Contrary to established criteria, this study suggests that stroke can be a complication not only of migraine with aura, but also of migraine without aura.

These investigators analyzed the features and presumed causes of ischemic stroke in 130 patients with active migraine according to International Headache Society (IHS) criteria. Patients were identified from a prospective registry of 3502 patients with ischemic stroke. The researchers divided the migraineurs into 2 age groups (<45 and ≥45) and compared them to 2 control groups (with comparable average ages) from the stroke registry.

Of the migraineurs, 27 (21%) developed the stroke during a migraine attack, a condition known as complicated migraine. According to IHS classification, complicated migraine occurs only in attacks of migraine with aura. This study, however, proves the IHS classification wrong, because 59% of the 27 strokes occurred during attacks of migraine without aura. Isolated homonymous hemianopia was significantly more common among stroke patients with migraine than among stroke patients without migraine (12% vs. 5%, P<0.05).

Comment: In my clinical experience, as in this study, complicated migraine is more common during attacks of migraine without aura than during migraine with aura. This finding suggests that such strokes are not a consequence of the mechanism of migraine aura going awry, as is generally assumed. In my opinion, they are, rather, due to runaway migraine attacks, in which excessive activation of the sympathetic nervous system (SNS) and dehydration increase the risk for ischemic stroke. Excessive SNS activation occurs because of prolonged, severe pain and results in arterial vasoconstriction and blood platelet activation. Dehydration that is due to lack of fluid intake, vomiting, and, sometimes, diarrhea increases stroke risk in the same way that excessive alcohol intake does.

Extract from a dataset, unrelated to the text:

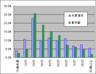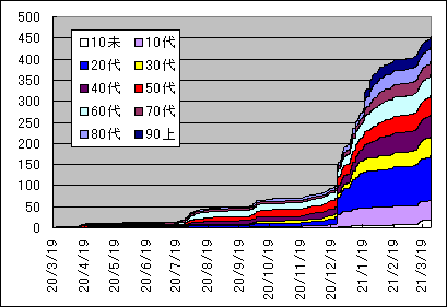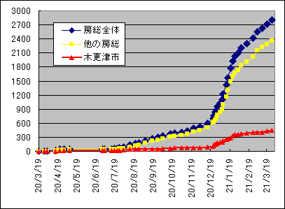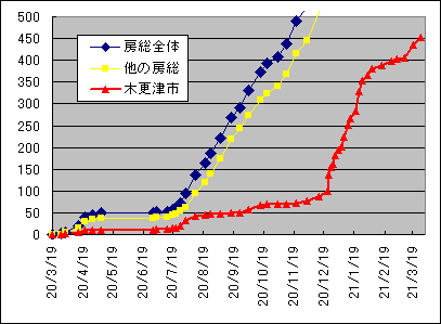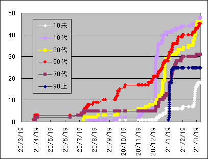| 一日当たりでは10.75人で依然として2桁を下回っていない。これをグラフにすると下図の通りである。 ![]() この様に一日当たりの増加数が一定なのでグラフの傾きも下図のようにほぼ一定で増加している傾向が続いている。 ![]() 一方で木更津市の部分は今まで落ち着いて値が今回急に増加している事が明かである。保育園で発生したクラスターも影響しているが、一刻も早い沈静化を願うところである。 ![]() 木更津市のグラフを年齢別に区分けしたものが下図である。 ![]() 特徴的な動きは大学のクラスターが出た10代、特養のクラスターが出た90代以上、保育園のクラスターが出た10歳未満で示しているので、それに30代、50代、70代のデータを加えて年代別の累積感染者数グラフを作成してみると下図のようになる。 ![]() 50代は継続的に増加しており、30代は10代に影響されるように増加し、70代の増加後に90歳以上のクラスターが発生したことがグラフからは見えてくる。また10未満の増加に伴い30代が増加しているのは家庭内感染が生じているためと推察される。 因みに木更津市内の感染者数の年代別割合を一昨日の東京都のデータ(3月27日現在で年齢が明かな119,650人)と比較すると下図のようになる。 ![]() 都内と比較すると10代、60代、90歳以上で比率が高く30代から50代にかけて少ないことが解る。働き盛りの世代が感染しないように自粛してくれている事だと推察でき、感謝する次第である。 緊急事態宣言が明けても多くの会社や組織で感染対策が継続され、宴会等の自粛は続いているとも聴く。飲食店の苦境は続くがリバウンド防止のためには致し方ないように感じている。 現在読んでいる「新型コロナの科学」(黒木登志夫著:中公新書)から知識を深めて、それを周辺に伝え、誤解や偏見の無い世界を作りながら収束の日までを乗り越えていこうと思いつつ、今回の記載としたい。 |

Stroke in complicated migraine typically involves the territory of the posterior cerebral artery, resulting in homonymous hemianopia (Headache 1990; 30:727), which in this study was more common in stroke patients with migraine than in those without migraine. The authors only briefly acknowledge this point, yet it is essential to understanding the mechanism of complicated migraine. The posterior cerebral artery may have more pronounced sympathetic innervation and, as a result, may be more strongly affected by SNS-induced vasoconstriction. The more pronounced sympathetic innervation may exist to compensate for decreased autoregulation at the microcirculatory level within the posterior lobes; this decreased autoregulation is known to make that brain region more vulnerable to hypertension-induced posterior leukoencephalopathy (see Spierings ELH. Acute and chronic hypertensive headache and hypertensive encephalopathy. Cephalalgia 2002; 22:in press).

— Egilius L.H. Spierings, MD, PhD

Dr. Spierings is Associate Clinical Professor of Neurology, Harvard Medical School and Brigham and Women's Hospital, Boston.

Published in Journal Watch Neurology March 8, 2002

Citation(s):

Milhaud D et al. Ischemic stroke and active migraine. Neurology 2001 Nov 27; 57:1805-11.